第3話



「あのね。私、あの話、すごい嫌いだったってことを思い出したのよ」


 太陽が真上に登った昼、安売りの牛肉切り落としを食べて腹が満たされ、ウトウトと眠りこける虎がテーブルの下にいようとも、梓たちのお喋りは全く止まらなかった。海は夢心地になりながらも、たとえ自分が人としての自我を失いニューハーフたちを食い殺そうとしたとしても、返り討ちにされてしまうに違いない、と思った。比喩やレトリックではなく、過去に「猟銃の免許をとった」と得意げに話していたニューハーフがいたのを、海は覚えていた。

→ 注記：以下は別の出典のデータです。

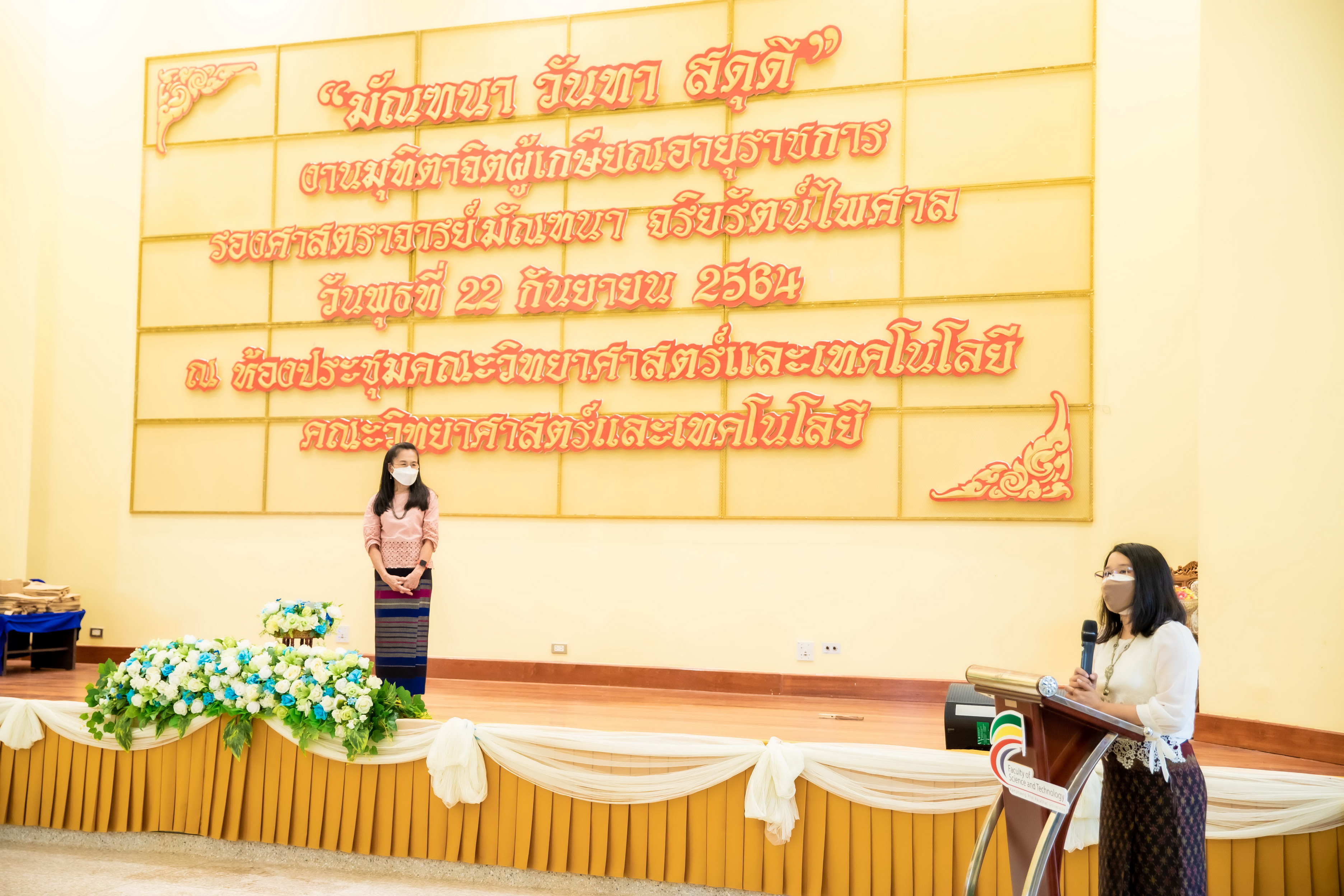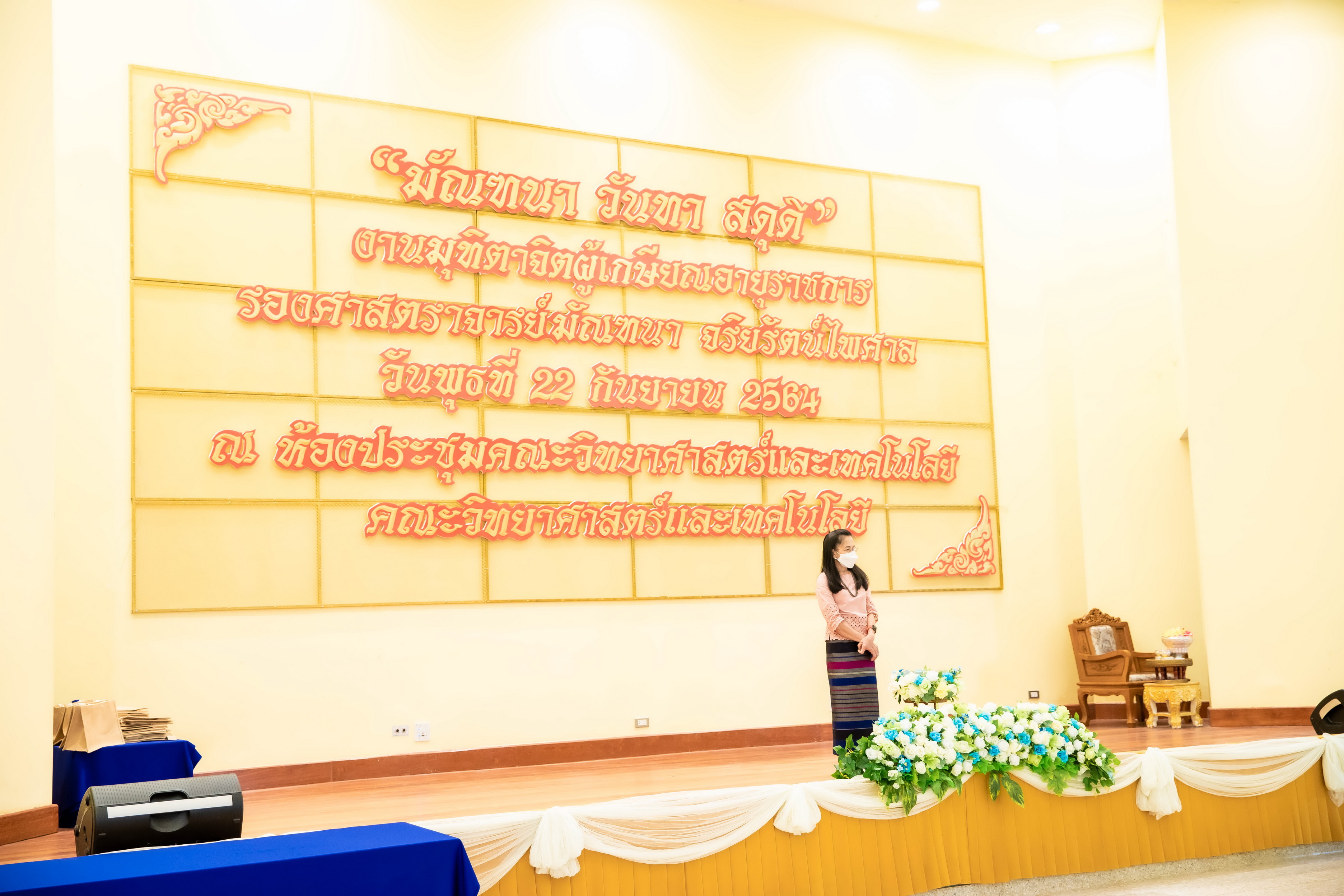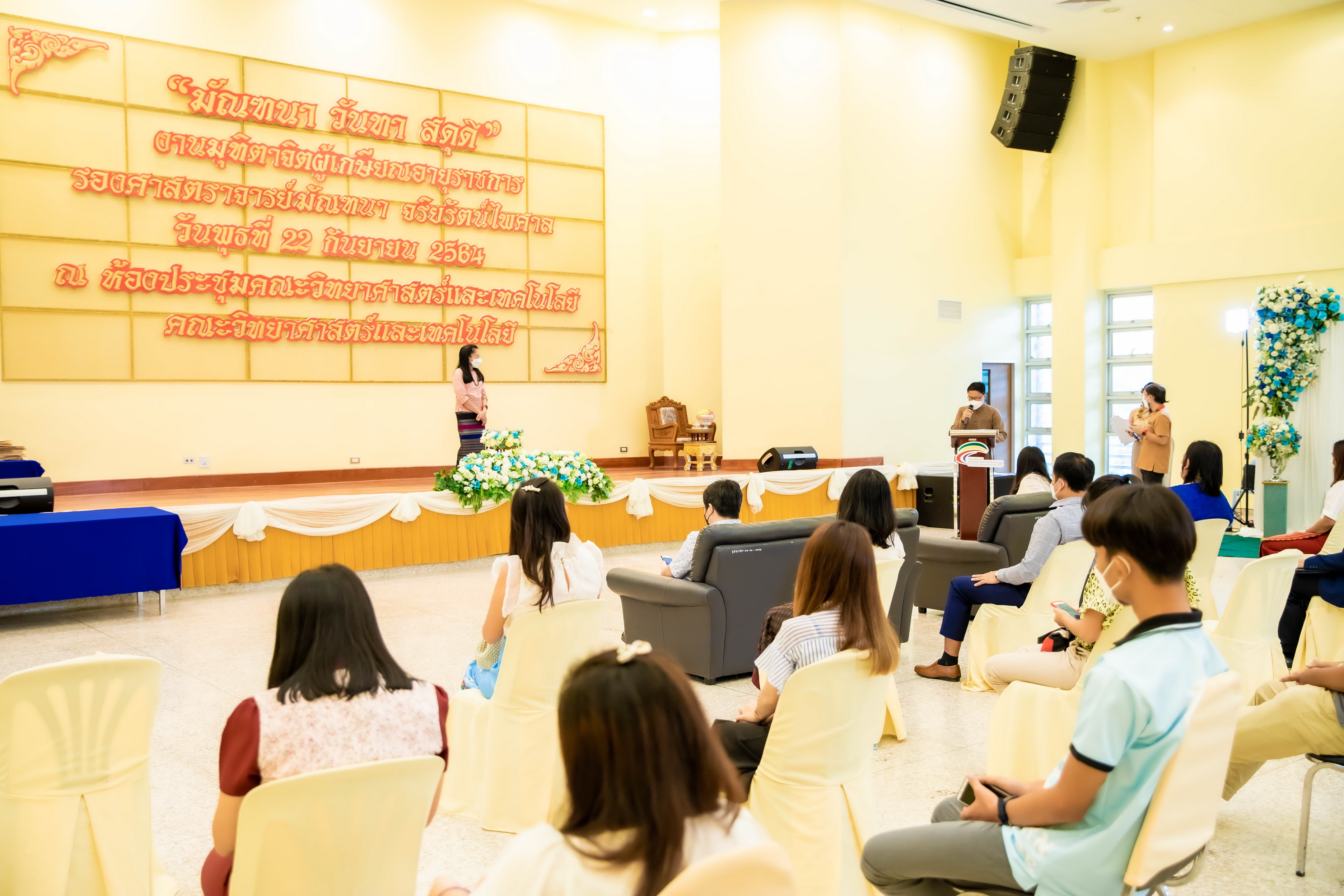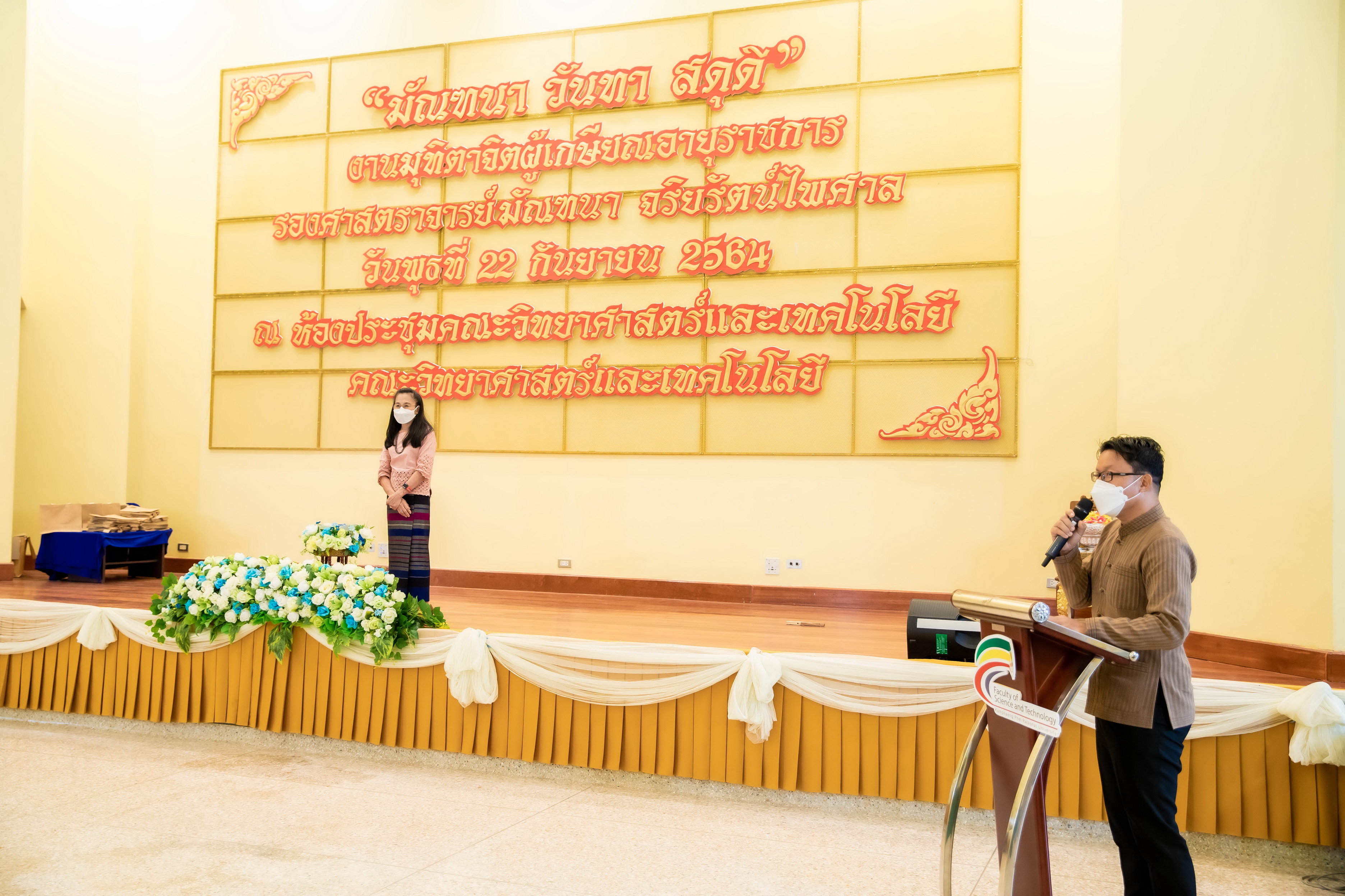 คณะวิทยาศาสตร์และเทคโนโลยี จัดงานมุทิตาจิตผู้เกษียณอายุราชการคณะวิทยาศาสตร์และเทคโนโลยี (มัณฑนา วันทา สดุดี) ในวันที่ 22 กันยายน 2564 เวลา 12.30-17.00 น. ณ "ห้องประชุมใหญ่ ชั้น 2 (48233) อาคารเรียนและปฏิบัติการทางวิทยาศาสตร์ และรูปแบบออนไลน์(Live Facebook)" โดย คณบดีคณะวิทยาศาสตร์และเทคโนโลยี ให้กับอาจารย์และบุคลากรคณะวิทยาศาสตร์และเทคโนโลยี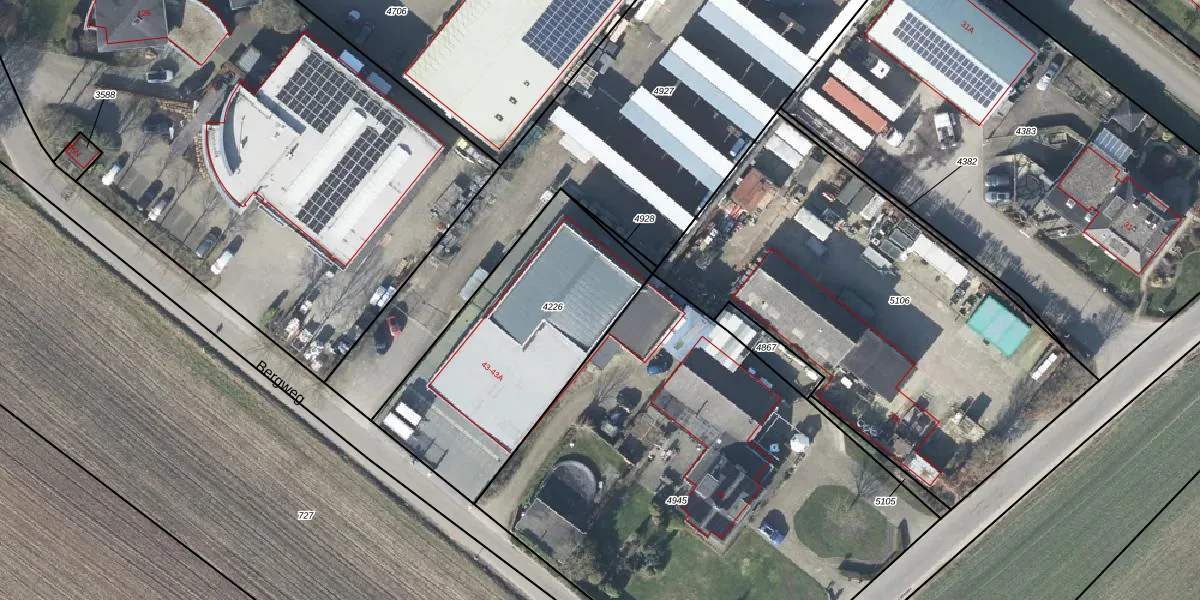 Bergweg 43 is gelegen op kadastraal perceel RNN01G4226. Deze kadastrale aanduiding is uniek en wordt gebruikt door het Kadaster om eigendomsrechten en andere zakelijke rechten vast te leggen. Het perceel maakt onderdeel uit van de kadastrale gemeente Rhenen.

 テーブルの上では、軽い食事を並べ、梓が商売仲間と話している。

「え? なに? なんの話?」

「山月記のこと。だって終わり方があんまり悲しくってさ。バカとは関わりたくないとかなんとかプライド高いやつが虎になっちゃうんでしょう? でもさ、別にいいじゃない、虎になったって。言うほど人間っていいもんでもないじゃない?」

「それもそうよねぇ」

「ねえ。悪酔いして他のお客さんにまで迷惑かける客が来た時なんかさ、動物以下だ、とさえ思えてくる時あるわよ。本能に忠実でさ、動物は言い訳しないだけ、潔いわよ」

「うーん、そーれはどうだろうかー……」

 すると突然、集まったニューハーフの中でも一番若くて美しい、れんという男が、ひょこっとテーブルの下を覗き込んだ。

「それにしてもすっごく綺麗よね、海ちゃん。毛並みツヤツヤで、顔も美人さんで」

「わかる。あ、そうだ、うちの舞台に立たせてみない?」

「え!? そんな違法なショーすんの!? 警察沙汰に巻き込まれるのはごめんよ!?」

「いやあね、身内だけのショーに決まってんでしょ。山月記・リバイバルショー。写真も撮りまくりましょうよ、この際」

「誰かに見られたらまずくない?」

「見られたってどうせ合成写真って思われるだけよ。今の写真合成技術がすごいのが救いね」

 そんな訳で、当の虎がよだれを垂れて熟睡している間に、奇妙なリバイバルショーの準備は進行していったのだった。